Тамъ подъ нарами, въ углу, у стѣны, лицомъ къ нему лежалъ живой Стась. Все его тонкое, дѣтское тѣло прилипло къ стѣнѣ, а глаза горѣли, смотря въ упоръ на Лобанова. Увидѣвъ Стася, онъ застылъ на мѣстѣ. Потомъ вдругъ онъ почувствовалъ себя какъ-будто очнувшимся отъ забытія. Вмѣсто страха въ душѣ стояла тяжелая, невыносимая боль, было нестерпимо жаль и себя и Стася.
-- Вылѣзай! Скорѣй вылѣзай! Не трону,-- прошепталъ ему Лобановъ.
Но Стась не двигался, только дрожащими руками медленно закрылъ лицо своей книжкой Евангелія съ золотымъ крестомъ на крышкѣ.
-- Вылѣзай!..-- заоралъ на него Лобановъ дикимъ голосомъ, чувствуя, что имъ снова овладѣваетъ то состояніе, въ которомъ онъ съ наслажденіемъ изступленія убивалъ арестантовъ.
-- Вылѣзай! Вылѣзай! Вылѣзай сейчасъ!-- грозно, повелительно кричалъ, что было мочи, Лобановъ, какъ будто думалъ, что Стась его не слышитъ.
Стась все-таки не двигался, молчалъ, только скорчился и ляскалъ зубами.
Лобановъ схватилъ ружье, изогнулся, изловчился, прицѣлился, выстрѣлилъ.
Когда дымъ выстрѣла медленно разсѣялся, Лобановъ увидѣлъ, какъ Стась открылъ лицо, изъ его шеи шла струйкой кровь, а ротъ глоталъ воздухъ. Онъ выстрѣлилъ еще наугадъ, не цѣлясь, и тотчасъ выбѣжалъ въ кухню этапа и бросился ничкомъ на полъ.

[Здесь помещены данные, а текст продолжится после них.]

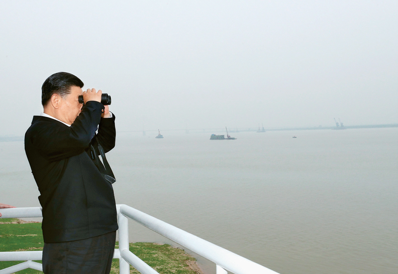 2018年4月26日下午,中共中央總書記、國家主席、中央軍委主席習近平在武漢主持召開深入推動長江經濟帶發展座談會并發表重要講話。這是座談會前,習近平于25日上午乘船沿江察看兩岸生態環境和發展建設情況。 新華社記者 謝環馳/攝

Насибулинъ постоялъ надъ нимъ немного, попытался его растолкать, но ничего не вышло...
Оставшись одинъ, татаринъ не выдержалъ жути безмолвнаго страха смерти, наполнявшаго этапное зданіе, и, покинувъ въ немъ товарища, ушелъ въ домъ старосты...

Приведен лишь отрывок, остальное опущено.